We describe the Sample Report Table using an example from the Medical Detectives public project. To follow along, please go to the Sample Report page for Patient 008 (CSF). You should be able to see the Table View (default) for Patient 008 (CSF) Sample Report.
The Table View provides a report containing several fields indicating the relative abundance of genera and species identified in the sample you have selected, along with scores characterizing the quality of the match.
Sample Report Table Intro
The Sample Report Table lists the taxa that were found in your sample when matched against NCBI GenBank. We will walk you through filtering data to reduce noise, understanding the metrics and how to interpret them, and understanding if the strength of the evidence for a taxon using the coverage visualization.
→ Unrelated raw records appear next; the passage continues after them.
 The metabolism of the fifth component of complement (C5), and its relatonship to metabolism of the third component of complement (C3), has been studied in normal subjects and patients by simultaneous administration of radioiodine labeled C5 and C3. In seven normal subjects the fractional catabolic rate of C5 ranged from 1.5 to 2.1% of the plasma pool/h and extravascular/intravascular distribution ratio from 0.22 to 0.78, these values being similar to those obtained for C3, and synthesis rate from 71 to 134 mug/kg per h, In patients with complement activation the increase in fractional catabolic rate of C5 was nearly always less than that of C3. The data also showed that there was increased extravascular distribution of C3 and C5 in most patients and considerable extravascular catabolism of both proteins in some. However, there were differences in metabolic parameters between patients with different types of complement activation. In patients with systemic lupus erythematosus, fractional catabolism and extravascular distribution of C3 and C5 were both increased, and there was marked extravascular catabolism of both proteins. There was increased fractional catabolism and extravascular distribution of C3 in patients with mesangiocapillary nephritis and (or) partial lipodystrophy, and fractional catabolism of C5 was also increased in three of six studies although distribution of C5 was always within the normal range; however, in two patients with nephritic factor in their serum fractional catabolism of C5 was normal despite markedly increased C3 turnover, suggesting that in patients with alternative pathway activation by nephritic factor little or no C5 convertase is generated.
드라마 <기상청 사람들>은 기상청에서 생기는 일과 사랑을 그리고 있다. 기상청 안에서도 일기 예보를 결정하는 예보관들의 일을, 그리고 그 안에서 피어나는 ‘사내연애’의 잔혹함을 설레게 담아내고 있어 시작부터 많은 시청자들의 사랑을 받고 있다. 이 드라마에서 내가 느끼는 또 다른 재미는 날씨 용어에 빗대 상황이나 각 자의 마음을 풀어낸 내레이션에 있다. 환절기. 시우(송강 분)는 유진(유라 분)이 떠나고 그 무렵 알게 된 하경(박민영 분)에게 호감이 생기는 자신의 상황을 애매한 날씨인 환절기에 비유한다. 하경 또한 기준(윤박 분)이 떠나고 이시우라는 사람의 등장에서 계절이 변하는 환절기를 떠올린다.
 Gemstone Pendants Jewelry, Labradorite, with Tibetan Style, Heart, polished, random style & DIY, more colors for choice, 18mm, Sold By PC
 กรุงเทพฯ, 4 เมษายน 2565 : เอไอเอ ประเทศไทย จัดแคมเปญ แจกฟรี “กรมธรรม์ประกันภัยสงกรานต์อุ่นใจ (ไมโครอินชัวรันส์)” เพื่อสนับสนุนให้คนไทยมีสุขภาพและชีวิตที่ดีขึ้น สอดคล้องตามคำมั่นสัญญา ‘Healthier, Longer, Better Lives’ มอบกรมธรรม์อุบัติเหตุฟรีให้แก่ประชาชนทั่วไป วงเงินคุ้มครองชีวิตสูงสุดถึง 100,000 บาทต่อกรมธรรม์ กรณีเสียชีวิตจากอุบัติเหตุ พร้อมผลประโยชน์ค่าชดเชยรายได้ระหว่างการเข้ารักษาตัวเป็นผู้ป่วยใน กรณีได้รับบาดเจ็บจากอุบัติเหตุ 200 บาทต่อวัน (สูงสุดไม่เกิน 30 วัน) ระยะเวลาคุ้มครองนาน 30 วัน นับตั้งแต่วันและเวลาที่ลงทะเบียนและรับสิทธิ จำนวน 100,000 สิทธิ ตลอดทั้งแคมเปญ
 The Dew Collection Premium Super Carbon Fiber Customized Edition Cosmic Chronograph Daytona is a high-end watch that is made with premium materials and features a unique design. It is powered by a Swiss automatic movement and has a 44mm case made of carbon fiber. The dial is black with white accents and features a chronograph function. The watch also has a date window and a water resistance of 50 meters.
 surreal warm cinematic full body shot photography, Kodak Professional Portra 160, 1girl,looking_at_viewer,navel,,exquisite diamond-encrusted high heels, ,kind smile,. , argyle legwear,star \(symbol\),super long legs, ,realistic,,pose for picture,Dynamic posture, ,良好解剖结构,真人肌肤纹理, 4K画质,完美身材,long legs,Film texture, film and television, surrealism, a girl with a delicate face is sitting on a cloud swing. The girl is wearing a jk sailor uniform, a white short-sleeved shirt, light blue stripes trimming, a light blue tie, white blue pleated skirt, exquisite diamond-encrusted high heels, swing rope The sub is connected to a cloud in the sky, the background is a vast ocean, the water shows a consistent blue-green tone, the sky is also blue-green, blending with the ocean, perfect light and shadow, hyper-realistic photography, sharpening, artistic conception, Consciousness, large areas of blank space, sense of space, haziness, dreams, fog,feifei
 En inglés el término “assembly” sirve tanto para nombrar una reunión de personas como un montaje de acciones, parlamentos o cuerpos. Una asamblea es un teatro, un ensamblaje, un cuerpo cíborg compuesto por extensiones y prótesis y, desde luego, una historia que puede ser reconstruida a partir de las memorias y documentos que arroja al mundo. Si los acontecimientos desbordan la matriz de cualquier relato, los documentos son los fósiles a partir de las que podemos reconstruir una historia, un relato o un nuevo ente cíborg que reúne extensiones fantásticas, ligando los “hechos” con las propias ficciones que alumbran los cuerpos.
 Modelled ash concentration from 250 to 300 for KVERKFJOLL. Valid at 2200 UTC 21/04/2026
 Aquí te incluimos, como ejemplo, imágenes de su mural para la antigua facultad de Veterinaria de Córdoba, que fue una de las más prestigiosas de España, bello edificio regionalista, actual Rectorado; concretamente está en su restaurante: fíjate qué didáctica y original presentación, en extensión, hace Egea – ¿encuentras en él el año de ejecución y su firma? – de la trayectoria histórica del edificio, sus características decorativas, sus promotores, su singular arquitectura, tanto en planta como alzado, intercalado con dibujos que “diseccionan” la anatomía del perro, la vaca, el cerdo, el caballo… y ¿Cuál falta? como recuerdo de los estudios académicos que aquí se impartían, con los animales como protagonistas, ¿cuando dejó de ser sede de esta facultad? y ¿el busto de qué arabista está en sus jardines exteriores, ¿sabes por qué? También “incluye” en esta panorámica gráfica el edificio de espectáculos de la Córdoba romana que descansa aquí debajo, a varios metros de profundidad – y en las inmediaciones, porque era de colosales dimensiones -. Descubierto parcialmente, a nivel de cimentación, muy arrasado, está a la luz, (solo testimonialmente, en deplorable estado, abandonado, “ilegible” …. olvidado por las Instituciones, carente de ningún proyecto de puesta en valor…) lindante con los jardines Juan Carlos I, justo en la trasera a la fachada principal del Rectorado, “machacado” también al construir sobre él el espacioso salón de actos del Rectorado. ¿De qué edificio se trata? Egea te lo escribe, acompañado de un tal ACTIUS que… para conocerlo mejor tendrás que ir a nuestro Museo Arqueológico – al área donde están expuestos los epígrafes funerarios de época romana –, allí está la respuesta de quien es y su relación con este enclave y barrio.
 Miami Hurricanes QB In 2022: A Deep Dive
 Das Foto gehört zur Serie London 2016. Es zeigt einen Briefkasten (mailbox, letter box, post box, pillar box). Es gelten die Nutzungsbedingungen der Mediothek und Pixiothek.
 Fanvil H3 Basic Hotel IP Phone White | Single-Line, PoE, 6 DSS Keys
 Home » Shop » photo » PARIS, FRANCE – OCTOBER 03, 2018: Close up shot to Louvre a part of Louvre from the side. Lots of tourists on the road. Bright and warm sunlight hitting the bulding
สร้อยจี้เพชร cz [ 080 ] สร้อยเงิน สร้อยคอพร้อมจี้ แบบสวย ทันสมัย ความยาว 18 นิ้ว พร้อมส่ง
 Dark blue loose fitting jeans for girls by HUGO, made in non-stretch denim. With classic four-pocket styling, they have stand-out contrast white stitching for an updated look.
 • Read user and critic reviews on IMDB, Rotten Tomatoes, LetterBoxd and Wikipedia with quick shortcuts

Close the Sample Details side panel by clicking the X in the right-hand corner. You can now explore the Report Table which shows the list of taxa CZ ID identified in your sample.
Metrics and Their Meanings
|Score||CZ ID's heuristic for ranking microbial hits. The score is intended to combine the following aspects of the evidence for a hit: (a) species-level information, (b) genus-level information, (c) information about relative abundance within the sample, (d) information about abundance relative to the chosen background controls. The score is calculated as follows: ((abs(genus NT Z) * species NT Z * species NT rPM) + (abs(genus NR Z) * species NR Z * species NR rPM))|
|Z||Z-score statistic, used for evaluating prevalence of microbes in your sample as compared to background controls. The Z-score is computed based on the specified background model.|
|rPM||Number of reads aligning to the taxon in the NCBI NT/NR database, per million reads sequenced|
|r||Number of reads aligning to the taxon in the NCBI NT/NR database|
|contig||Number of assembled contigs aligning to the taxon in the NCBI NT/NR database|
|contig r||Total number of reads aligning to all assembled contigs for this taxon|
|%id||Average percent-identity of alignments to NCBI NT/NR|
|L||Average length of the local alignment for all contigs and reads assigned to this taxon|
|E value||Average Expect value (e-value) of alignments to NCBI NT/NR. The Expect value (e-value) is a parameter that describes the number of hits one can "expect" to see by chance when searching a database of a particular size. The closer to 0 the better.|
NT is NCBI’s database of nucleotide sequences. The NCBI NT database is a collection of sequences from several sources, including GenBank, RefSeq, TPA, and PDB.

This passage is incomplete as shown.